The 'dsyncgroups' program can be used to pull in active and newsgroups
file related information from other servers and is especially useful
in keeping your dactive.kp database up to date if you do not wish to
mess around with dcontrol.ctl -- or more specifically, you really only need
one machine doing active file maintenance and can slave group creation and
deletion for other machines off that master. dsyncgroups is capable of
maintain the article *range* in your dactive.kp file from remote active
files even if the active files are not synchronized with each other.
MONITORING
The file /news/log/dreaderd.status holds realtime connection information
on clients and can be used to monitor the reader system.
'ps' will also contain an indication of current status.
When first starting dreaderd, look at the news syslog output for a minute
or so to ensure that you are not overburdening the spools.
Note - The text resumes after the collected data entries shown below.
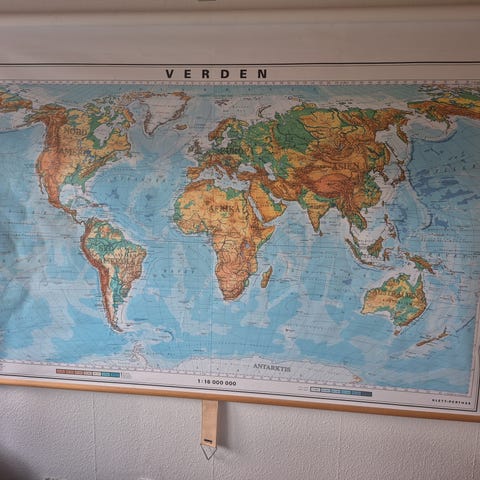 Verdenskort/skolekort/vægkort med hele verden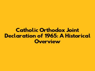 Catholic Orthodox Joint Declaration Of 1965: A Historical Overview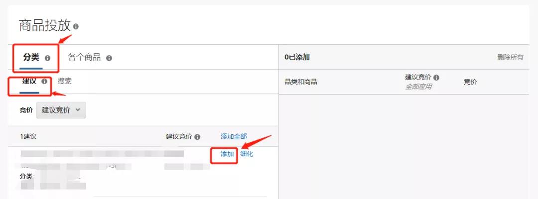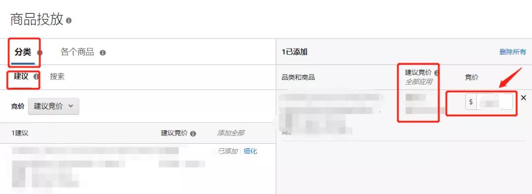 ①分類(lèi):在“分類(lèi)”選項(xiàng)卡中,您可以根據(jù)與商品的相關(guān)性投放相應(yīng)的推薦品類(lèi)。按照建議競(jìng)價(jià),設(shè)置合理的價(jià)格。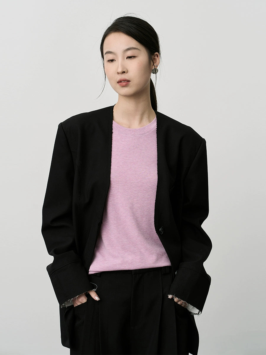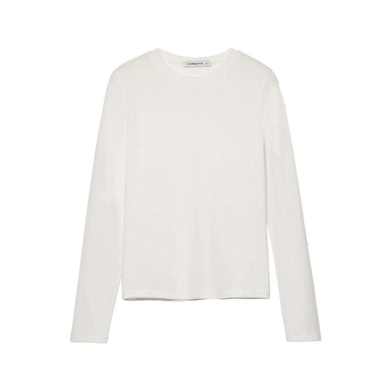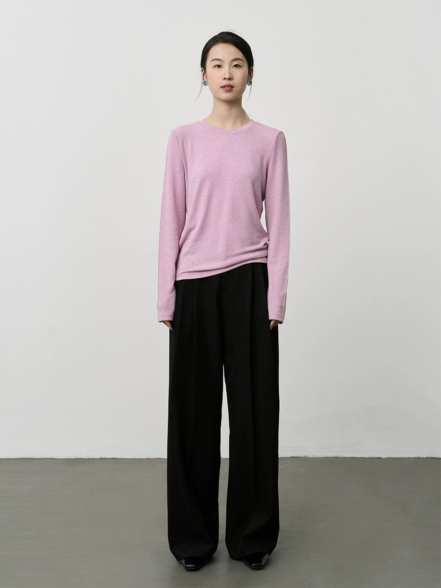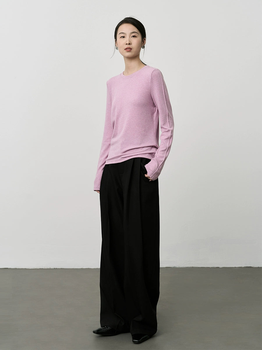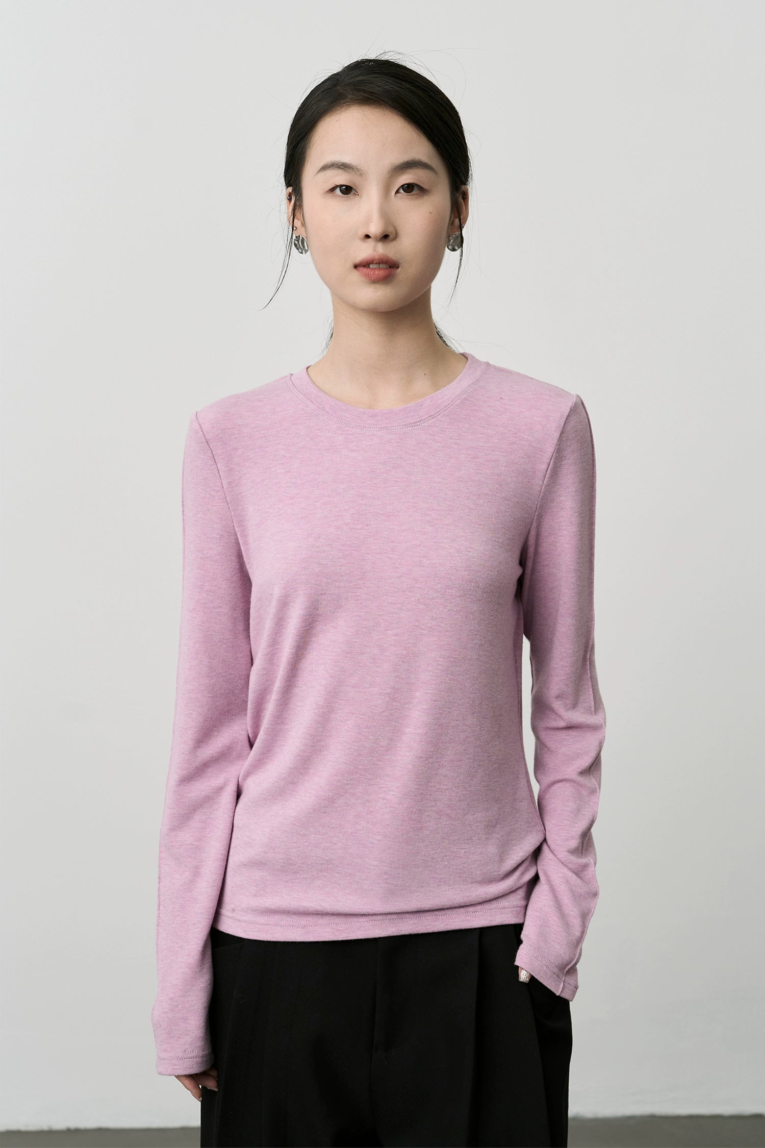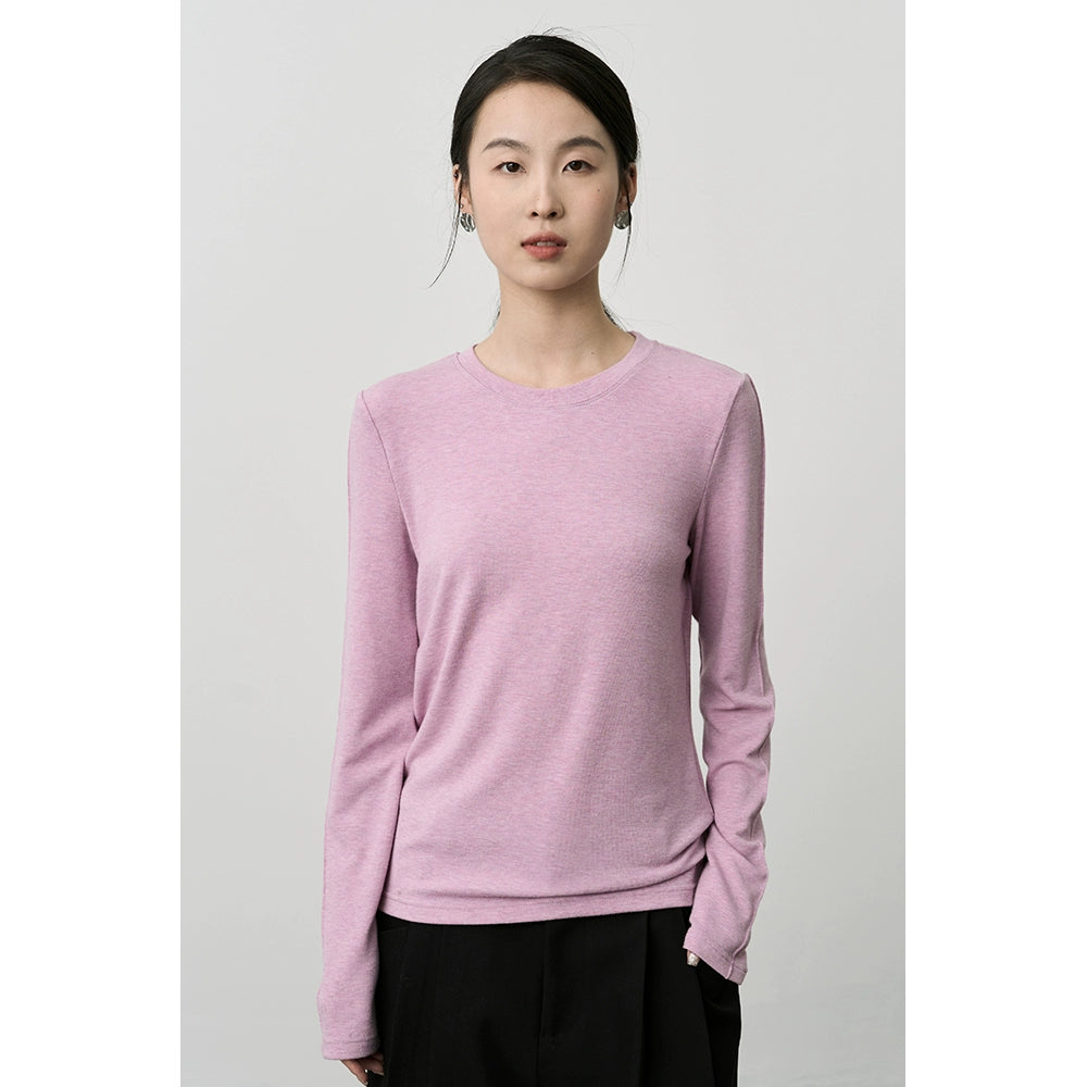 Camiseta de cuello redondo con parte inferior de color rosa suave y ceroso de CAREMIND 2024 Nueva camiseta de manga larga interior premium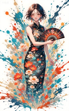 1girl,solo,dress,hand fan,holding,solo,earrings,jewelry,chinese clothes,china dress,black dress,holding fan,floral print,sleeveless,looking at viewer,sleeveless dress,folding fan,standing,head tilt,2,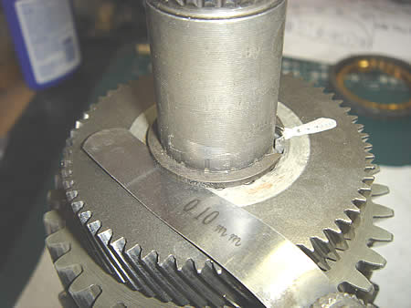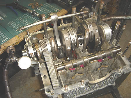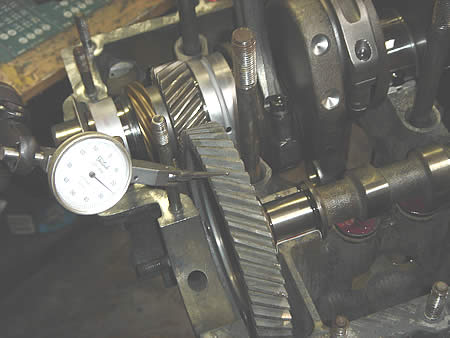 ケースにクランクシャフト&カムシャフトを組み付け、カムギアのバックラッシュを点検。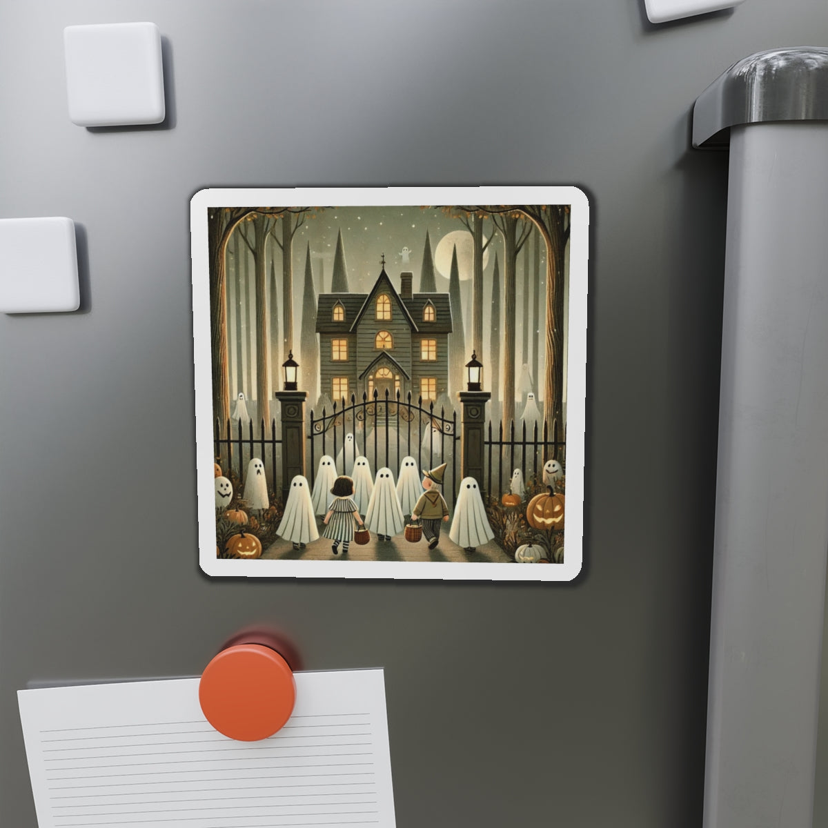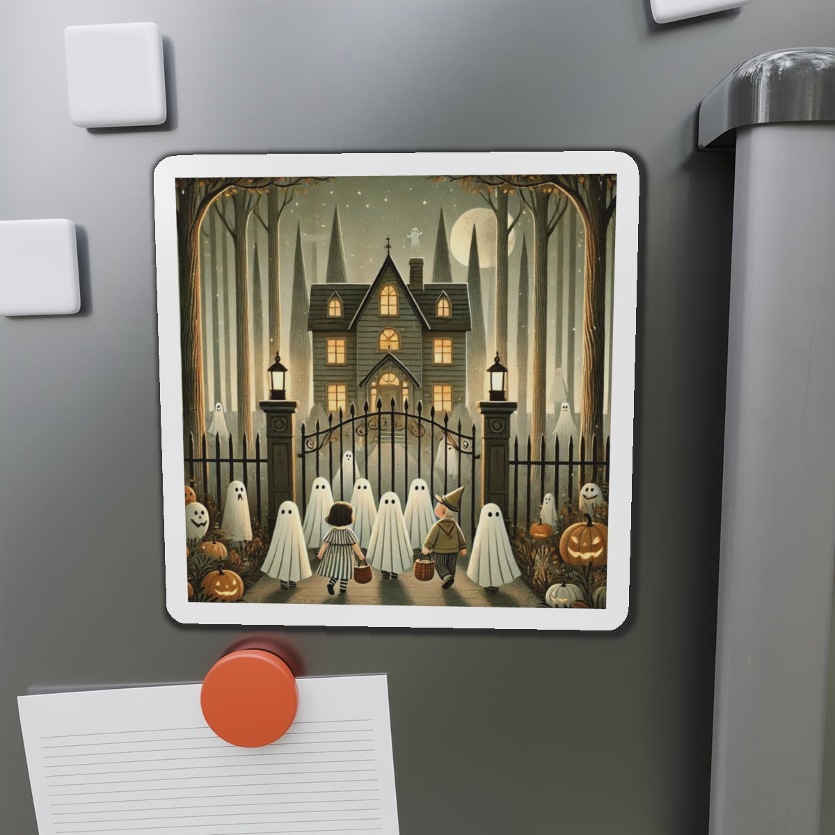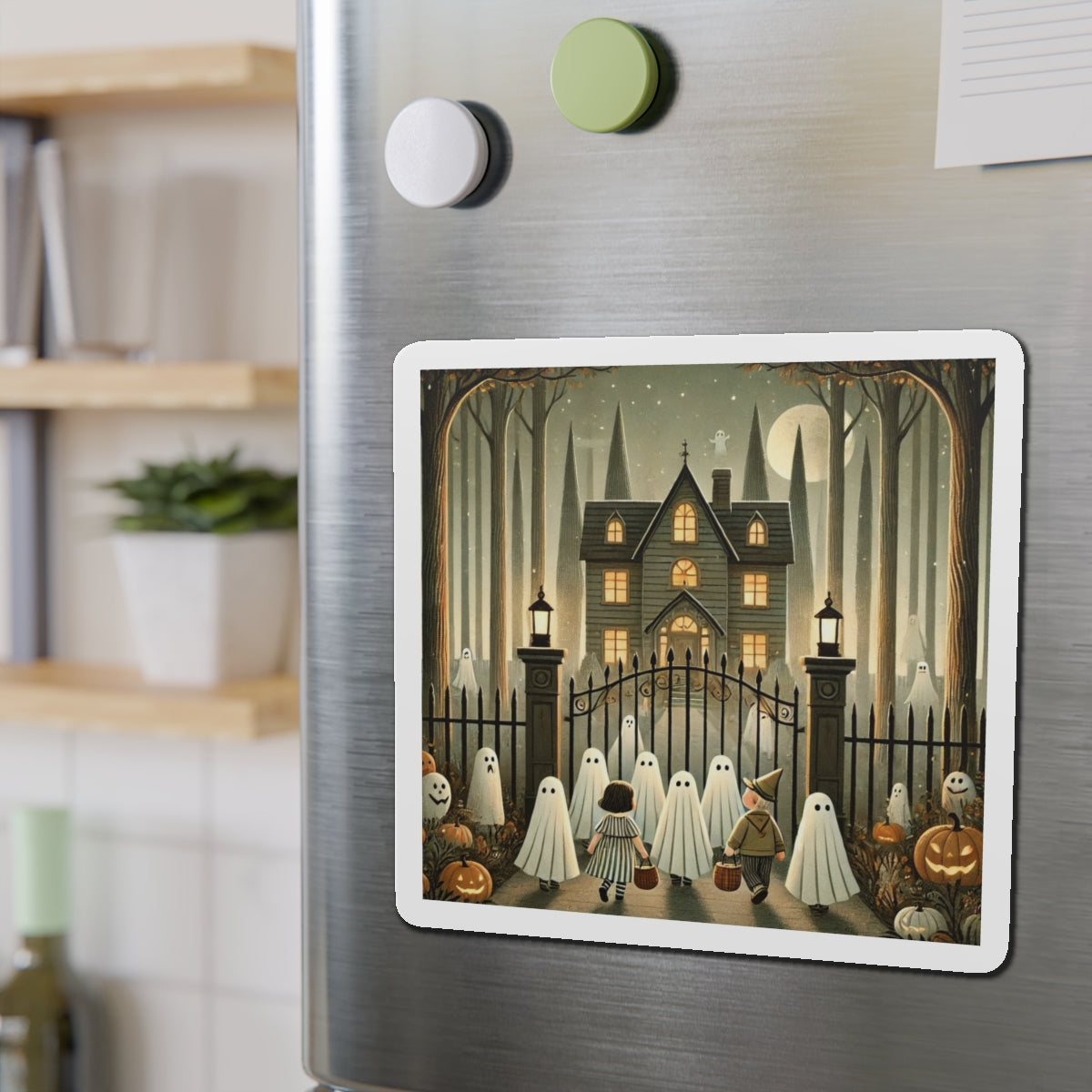 Across their glossy surface, a haunting yet heartwarming Halloween story unfolds: two children walk toward the wrought-iron gate of a gothic home beneath the night sky. Along their path, glowing pumpkins cast a warm, inviting light, while playful young ghosts drift gently forward to greet the visitors. The scene blends mystery and charm, capturing the very essence of Halloween with a balance of gothic enchantment and whimsical magic. More than magnets, they are miniature works of art—bringing seasonal wonder, storytelling, and a touch of fantasy into everyday spaces.

In particular,
remote diablo spools will scream bloody murder at you if you make too
many simultanious connections so watch for connect-immediate-disconnects
with that sort of error. You may have to adjust the remote spools and/or
decrease the number of reader forks you allow.
PGP KEYS
In order of dreaderd to properly process PGP keys, the following must be
properly setup:
* The pgp program must be installed in /usr/local/bin, modes 755.
* The PGPKEYS file must be installed in the ~news user's pgp ring
using the pgp program.
* rc.news must 'setenv HOME ~news' prior to running dreaderd.
* Diablo's 'pgpverify' program is not the pgp program, it's a wrapper
for the pgp program that dreaderd uses.
To setup PGP:
ftp ftp.isc.org
(anonymous login)
cd pub/pgpcontrol
binary
dir
get PGPKEYS
get README
quit
(read the README file)
(get, compile, and install pgp as /usr/local/bin/pgp)
pgp is available as a port for FreeBSD. Otherwise you
can obtain it from utopia.hacktic.nl in /pub/replay/pub/pgp/unix/.
Get version 263is.tar.gz.
Install the PGPKEYS in ~news's key ring.
su - news
pgp -kg
pgp -ka PGPKEYS (this one is a bit involved)
Make sure everything is working right. While you are still the ~news
user, do:
/news/dbin/pgpverify < samples/pgp-sample
It should print out: 'news.announce.newgroups'. Remember that you
must 'setenv HOME ~news' in rc.news prior to running dreaderd.